**BRIEF:** Every line of the material below needs to be copied exactly; omit the pictures.

**DATA EXCERPT:**

-*-

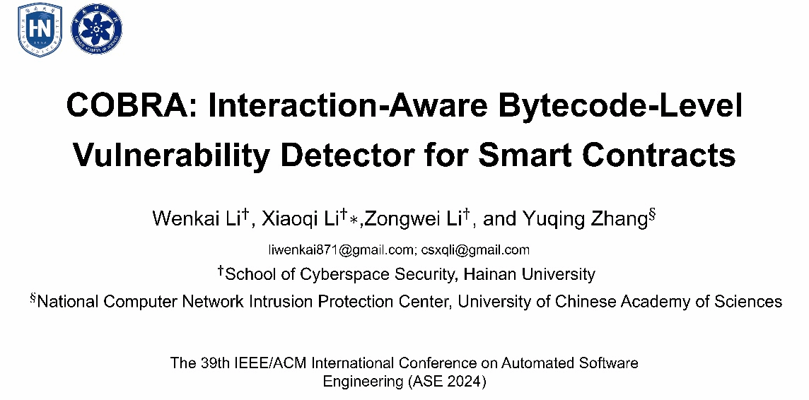 国际顶级学术会议ASE(IEEE/ACM International Conference on Automated Software Engineering)在10月27日起在美国加州萨克拉门托召开。best365官网博士研究生李文凯(第一作者)、副教授李晓琦(通讯作者)、特聘教授张玉清、硕士生李宗维在ASE上发表长篇Regular Research论文“COBRA: Interaction-Aware Bytecode-Level Vulnerability Detector for Smart Contracts”。ASE属于CCF A类学术会议,是软件工程研究领域的国际顶级学术会议。
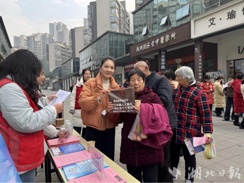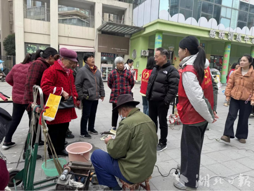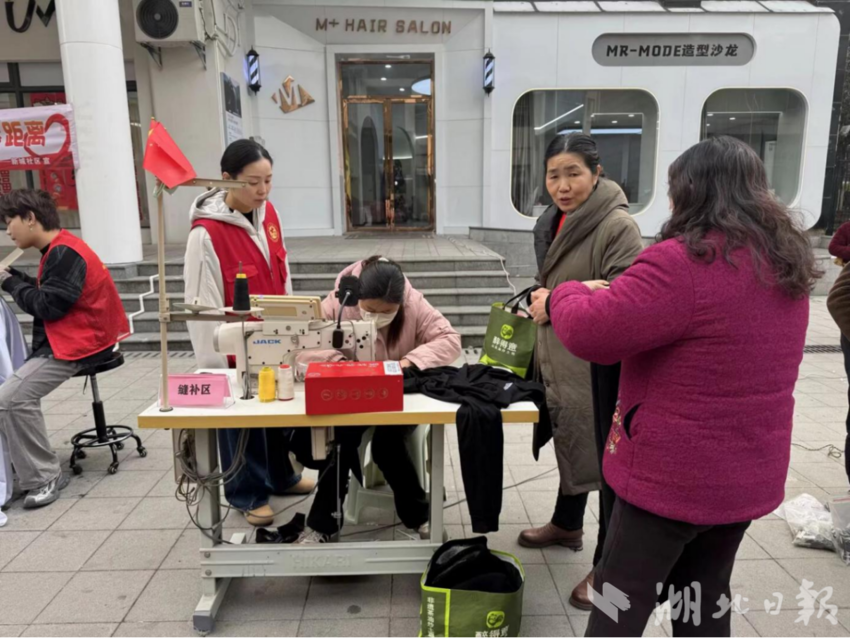 在便民维修区,缝纫师傅现场为居民解决衣物缝补、纽扣更换、拉链维修等“小麻烦”,用精湛手艺化解居民生活中的“小困扰”。在健康服务区,湖北银行工作人员现场为居民解答社保医保、反诈防骗等政策疑问,发放宣传资料。
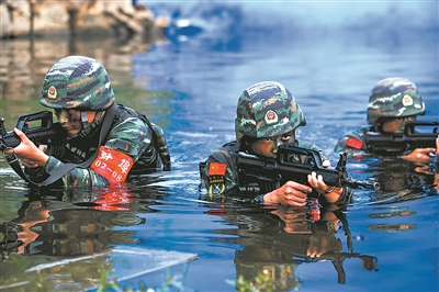 特战队员在芦苇荡中搜剿“暴恐分子”。
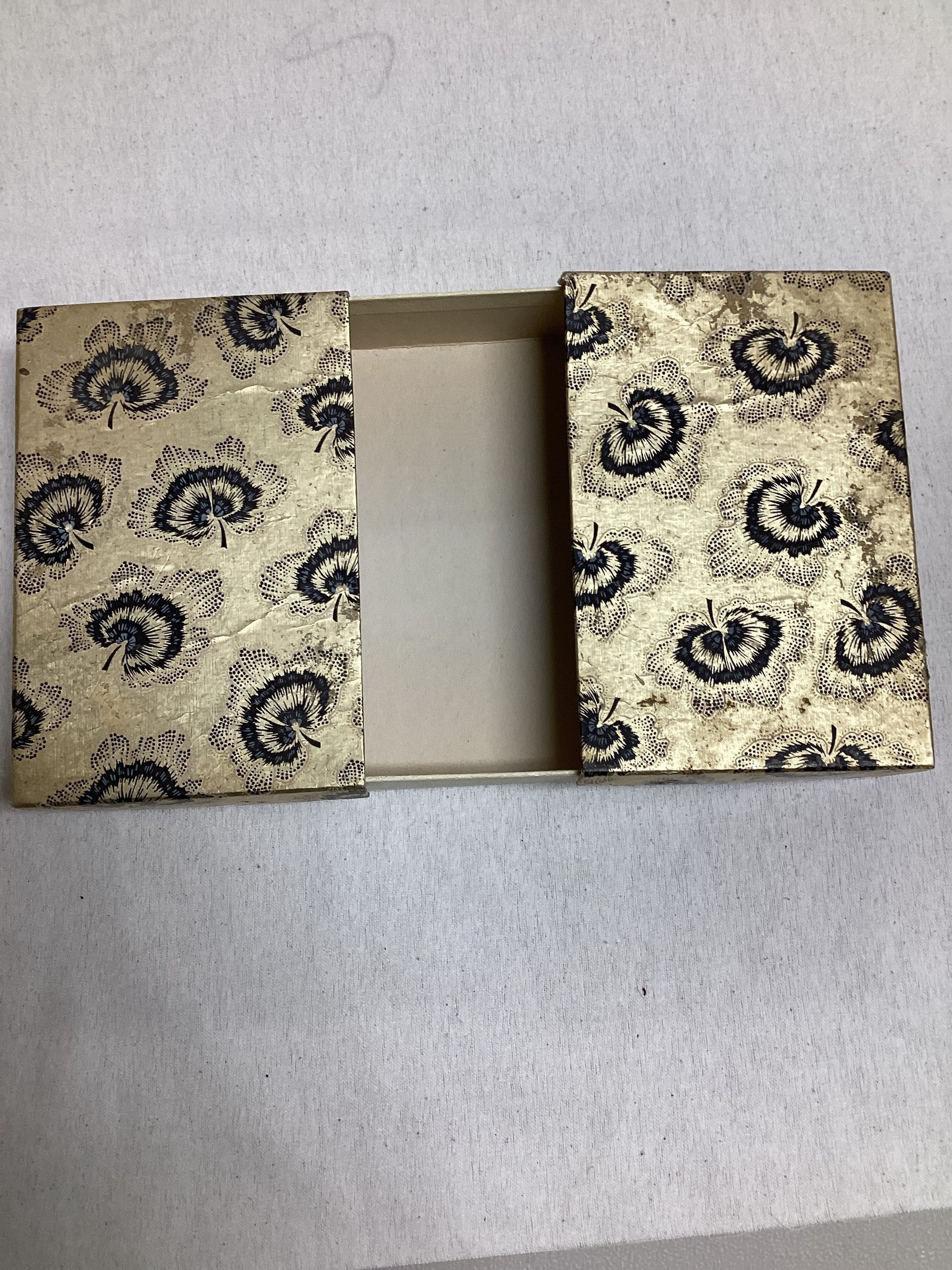 B: Box with gold-colored lid with black & blue leaf design all over. The lid divided in middle & opens up. The bottom of box is ivory. 8 1/2 x 6 1/4.Use

-*-

**SOLUTION FOR THIS PROBLEM:**
 国际顶级学术会议ASE(IEEE/ACM International Conference on Automated Software Engineering)在10月27日起在美国加州萨克拉门托召开。best365官网博士研究生李文凯(第一作者)、副教授李晓琦(通讯作者)、特聘教授张玉清、硕士生李宗维在ASE上发表长篇Regular Research论文“COBRA: Interaction-Aware Bytecode-Level Vulnerability Detector for Smart Contracts”。ASE属于CCF A类学术会议,是软件工程研究领域的国际顶级学术会议。
 在便民维修区,缝纫师傅现场为居民解决衣物缝补、纽扣更换、拉链维修等“小麻烦”,用精湛手艺化解居民生活中的“小困扰”。在健康服务区,湖北银行工作人员现场为居民解答社保医保、反诈防骗等政策疑问,发放宣传资料。
 特战队员在芦苇荡中搜剿“暴恐分子”。
 B: Box with gold-colored lid with black & blue leaf design all over. The lid divided in middle & opens up. The bottom of box is ivory. 8 1/2 x 6 1/4.Use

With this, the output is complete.